Sob o sol quente, agachada nas pedras, a francesa Juliette Robichez, 51, moradora de Itapuã, mostra a dificuldade de se extrair o óleo. Usando uma espátula, ela raspa o óleo três, quatro vezes, junta o resíduo e põe no balde revestido com saco de lixo. Professora de Direito, Juliette vem ajudando desde o começo, mas quase não saía de casa hoje. A foto de uma enorme tartaruga-cabeçuda morta, encontrada ao lado do farol, e a motivação do professor de jiu-jítsu a fez reunir os equipamentos e se juntar ao grupo às 7h da manhã. “Eu nem quis chegar perto para ver a tartaruga porque senão sinto vontade de chorar, é muito triste. Com o mar sujo, Salvador perde a sua alma. Não é só o turismo. É a identidade baiana, que está relacionada ao acarajé, à moqueca e todas as outras comidas [de mariscos] que temos aqui. Eu me apaixonei por Salvador por causa do mar”, lamenta ela.Pescadores, cientistas, surfistas, filhos de santo, moradores de regiões afetadas e tantas outras pessoas estão, há dias, numa luta quase diária para conter as consequências deste que já é considerado o maior desastre do litoral brasileiro. Alguns deles tentam explicar de onde vem esta onda de união e o ímpeto de fazer algo. O movimento humano em prol da causa surpreendeu Juvenal, que não esperava tamanha adesão. Voluntários enfrentam luta diária para conter o óleo (Foto: Guardiões do Litoral/Reprodução) Onda de união Ao todo, 17 praias são monitoradas pelos Guardiões do Litoral, cada uma com seu líder. Pela manhã, logo cedo, eles checam a situação dos determinados locais para ver se tem registro de óleo e avisam no grupo de WhatsApp. A partir daí, todos são chamados para formar o mutirão. No ‘zap’ de Itapuã são 44 membros ativos, mas tem gente que chega lá de forma espontânea, já que as as mensagens vão sendo compartilhadas.
“O grupo é formado por pessoas apaixonadas pelo mar, que têm preocupação com a causa ambiental. A gente se juntou para não deixar esse nosso paraíso se acabar. Se cada pessoa traz mais uma, são 88. E se essas trazem mais uma, vai dobrando e dobrando, a gente não esperava tanta adesão, é bonito de ver”, conta Juvenal, que surfa desde criança.
Filho de mergulhador profissional, ele conta que seu pai já trabalhou em plataforma de extração de petróleo. Quando era criança e nadava na Baía de Todos Os Santos, já se indignava com o rastro de óleo que era deixado pelos navios. “Hoje eu vejo que aquilo ali não era nada perto do que estamos assistindo”, comenta. Ele, que sempre morou próximo à praia, define o mar como sua segunda casa. Sunga e chinela foram substituídas por botas e calças de proteção | Foto: Tiago Caldas/CORREIO
'Salciabilidade'
A sociabilidade que o jiu-jiteiro construiu na vida veio a partir do ambiente que se esforça para salvar. Os laços com a sua família e os amigos que conquistou ao longo do tempo estão diretamente associados à paixão pelos esportes marítimos. Surf, pesca, nado, mergulho, ski. Foi também nesta história que perdeu um irmão, afogado. “Minha relação é mesmo desde que nasci. Então sinto muito o que está acontecendo. Isso me ajudou a ter mais amor e zelo por esse lugar”, declara.

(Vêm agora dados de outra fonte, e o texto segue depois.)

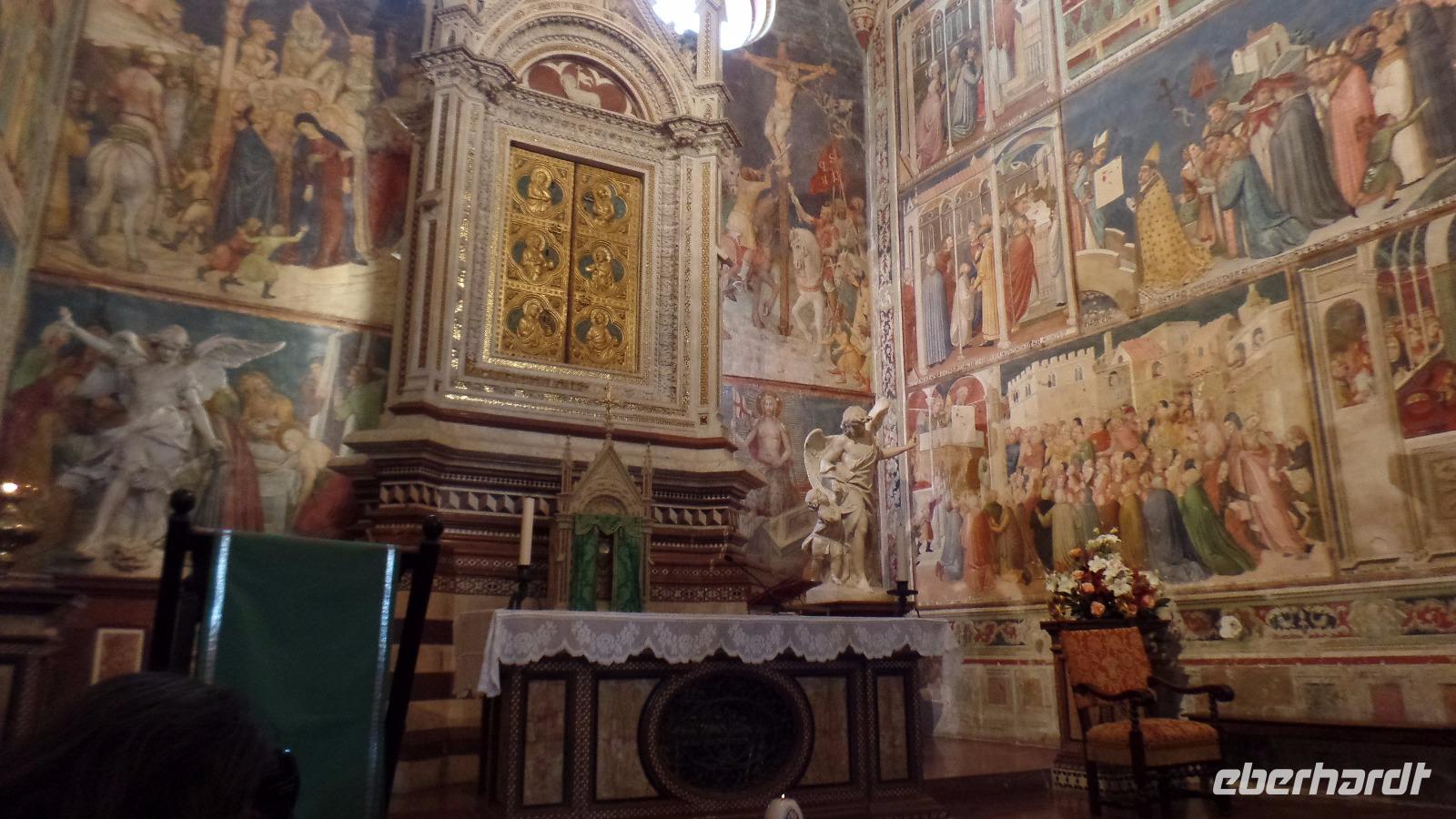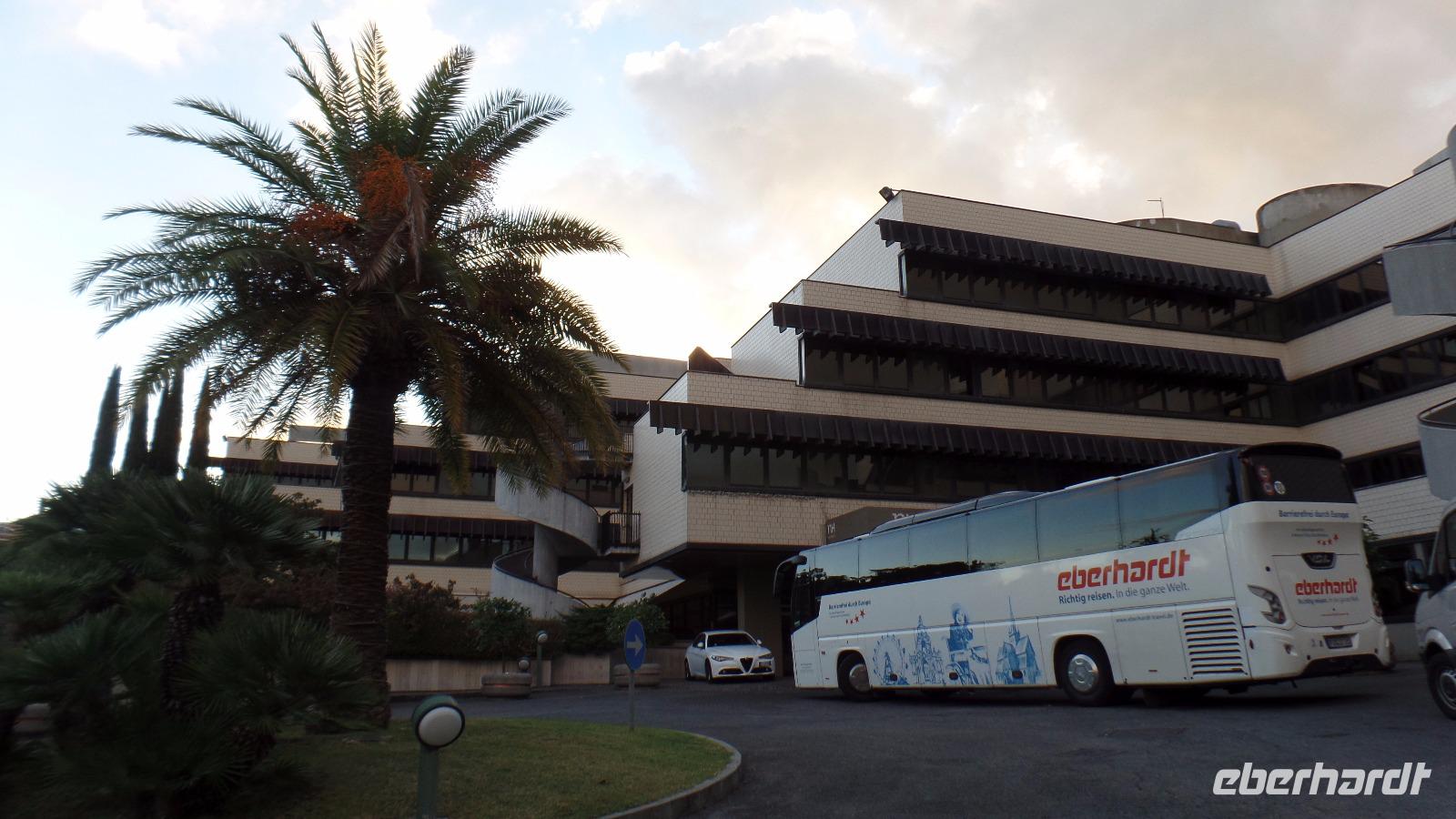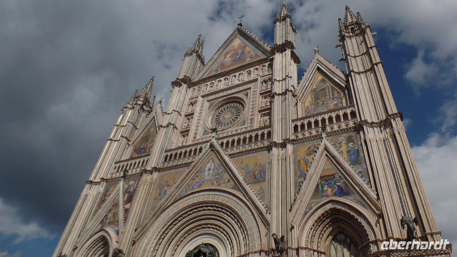 Zuerst fahren wir ein Stück durch Venetien und die Emilia-Romagna auf der Landstraße, ehe es nahe Ferrara auf die Autobahn geht. In Bologna erreichen wir die A1, die Sonnenautobahn. Sie bringt uns auf der neuen Teilstrecke durch den Toskanisch-Emilianischen Apennin. Wir umfahren Florenz und fahren weiter durch die herrliche Hügellandschaft der Toskana nach Orvieto in Umbrien. Mit Standseilbahn und Kleinbus erreichten wir den berühmten Dom und haben noch etwas Freizeit, ehe wir unsere Stadtführerin Chiara treffen. Sie macht uns mit der Geschichte vertraut und zeigt uns die architektonischen Details an der Fassade und im Dom und noch einige schöne Ecken in der Altstadt. Nach etwas Freizeit bummeln wir zur Bahn, und unser Bus bringt uns weiter nach Rom. Drei Nächte schlafen wir im Hotel NH Villa Carpegna Roma. Beim Abendessen können wir sechs weitere Gäste begrüßen, die heute mit dem Flieger angereist sind.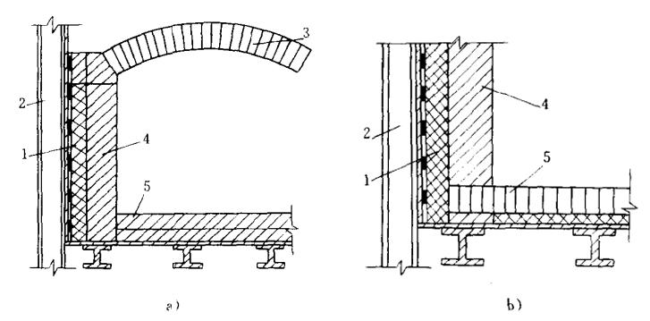 1--隔熱層;2-骨架;3-爐頂;4-爐墻;5-爐底;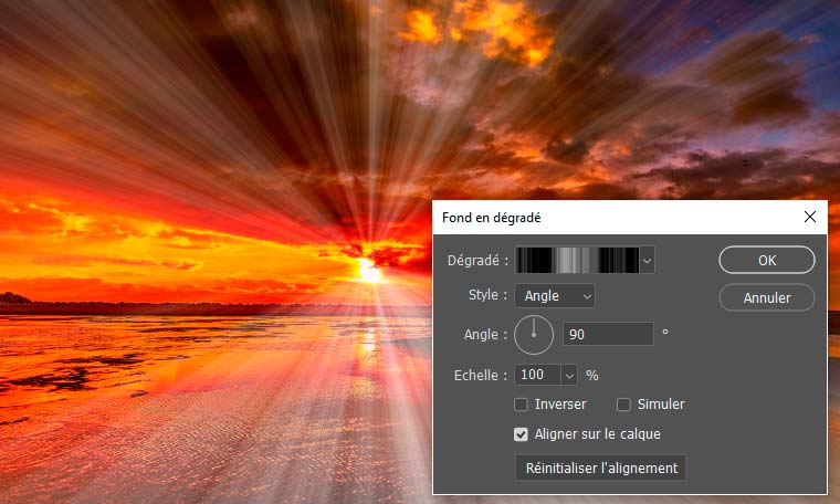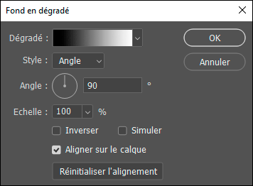 puis Dégradé, Noir et blanc, Style Angle, 90° :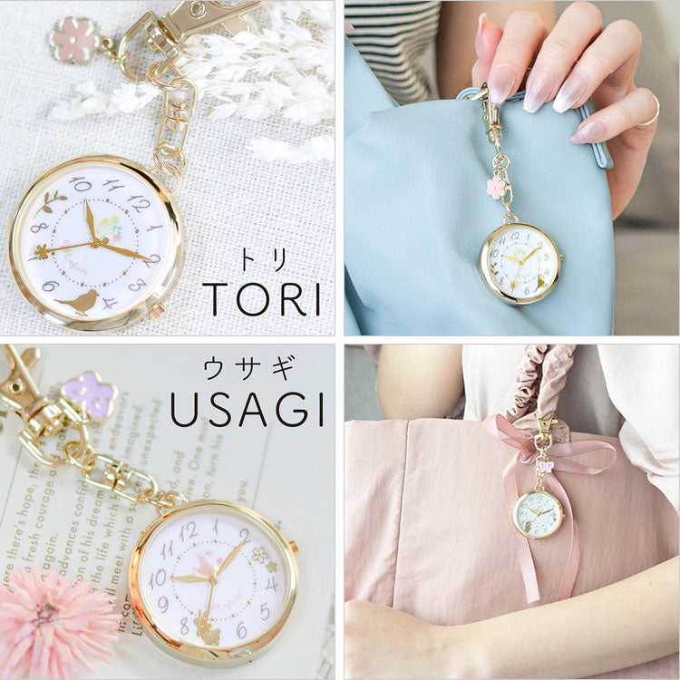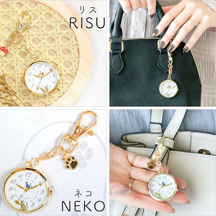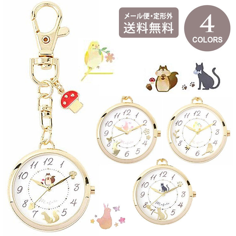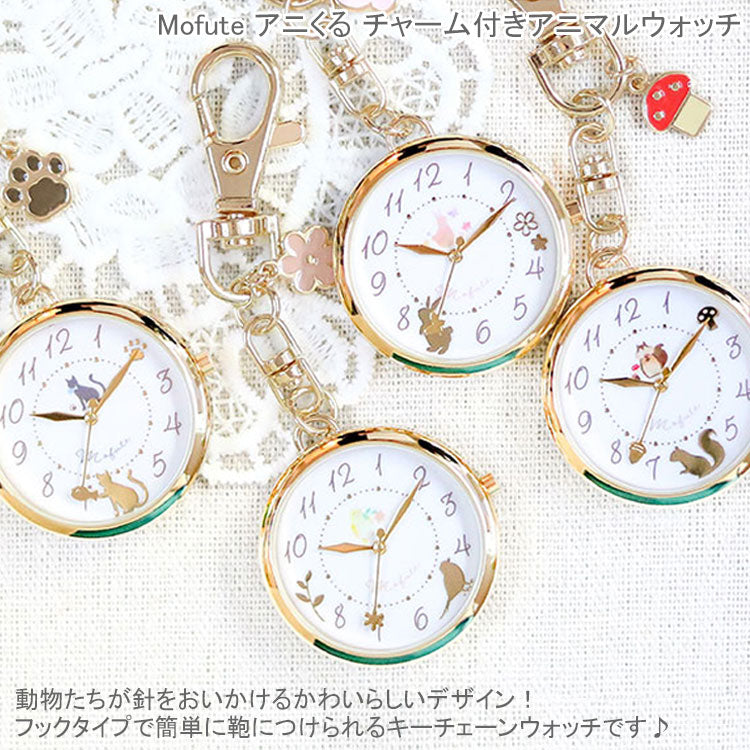 Mofute アニくる チャーム付き アニマルウォッチ 懐中時計 キーチェーン ウォッチ JN045 定形外 送料無料 アニマル 時計 鳥 ウサギ 兎 リス 猫 ネコ かわいい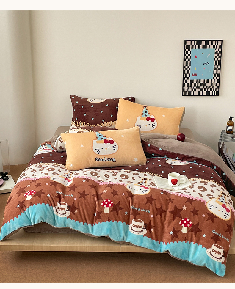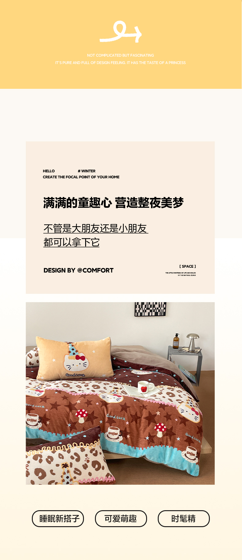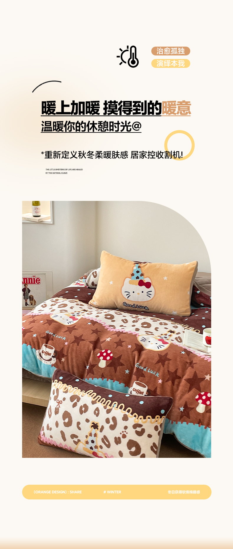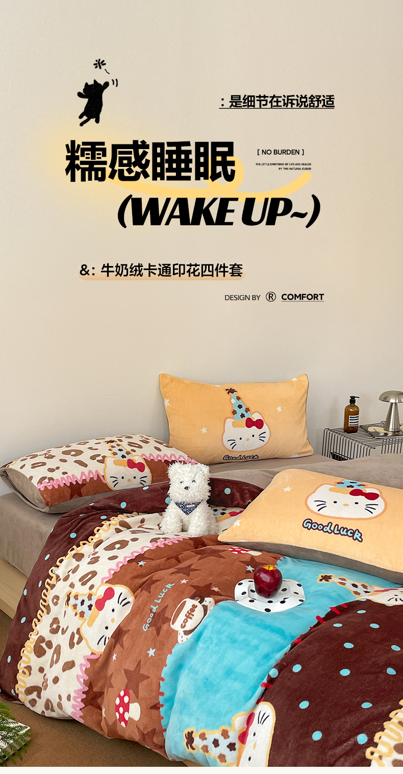 当前位置: 91家纺网 > 商品网购 > 床品套件 > 四件套 > 牛奶绒四件套 > 摩妮卡 2025新款牛奶绒枕套混搭卡通复古四件套 幸运小猫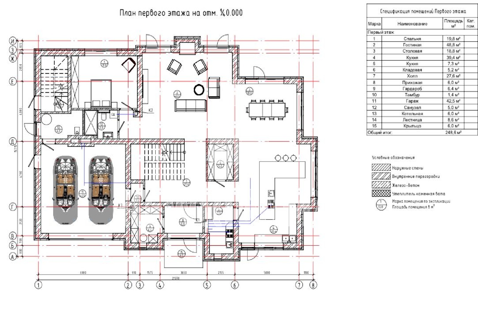 1 этаж - спальня, гостиная, кухня, столовая, кухня, кладовая, гардероб, тамбур, с/у, гараж, котельная,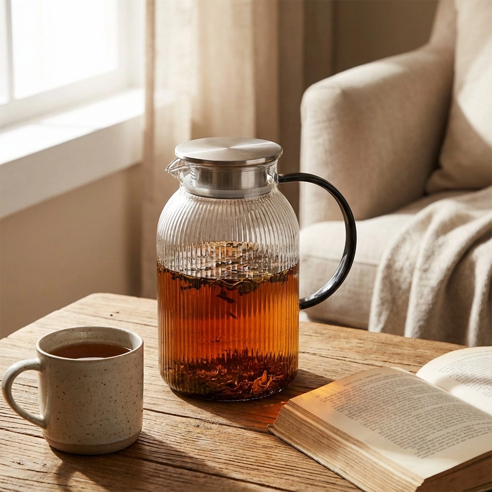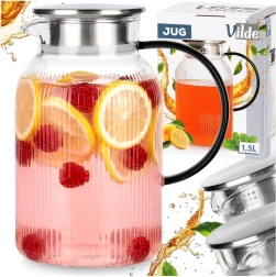Carafe stylée pour eau, limonade ou thé glacé, alliant look moderne et fonctionnalité. Le verre transparent rainuré met en valeur la couleur des boissons, tandis que le couvercle en inox à teinte dorée protège le contenu et permet un service pratique à l’abri des impuretés.

O movimento do qual Juvenal é um dos líderes trouxe surpresa para Juliette, que enxerga que o baiano tem uma solidariedade forte entre família, mas nem tanto para as causas sociais. “Na França, por exemplo, as pessoas deixam a mãe num asilo, mas, por outro lado, estão ligadas à associações em defesa de algo. Aqui as pessoas têm laços fortes entre si, mas pouco para o social”, compara.
Ali, enquanto retiram as crostas de petróleo, pessoas que moram na mesma região passam a se conhecer melhor. Juliette e Tarsila Maia, 33, filha de pescador, trocam vivências. Tarsila levou materiais para compartilhar com os demais voluntários e conta que o pai deixou de pescar. Segundo ela, os prejuízos econômicos já chegaram na conta dos trabalhadores da Colônia de Pescadores Z6. Juliette, de branco, usa espátula para buscar óleo entre rochas e limo | Foto: Tiago Caldas/CORREIO Vaquinha No começo, todos os Equipamentos de Proteção Individual (EPIs), como máscaras e luvas, eram comprados pelos voluntários. O aumento na quantidade de praias atingidas fez com que eles precisassem de uma vaquinha. Os Guardiões do Litoral arrecadaram R$ 57 mil e é com esse recurso que o grupo está comprando e distribuindo materiais em Salvador, e nos litorais norte e sul do estado, como em Moreré, Barra Grande e Sítio do Conde.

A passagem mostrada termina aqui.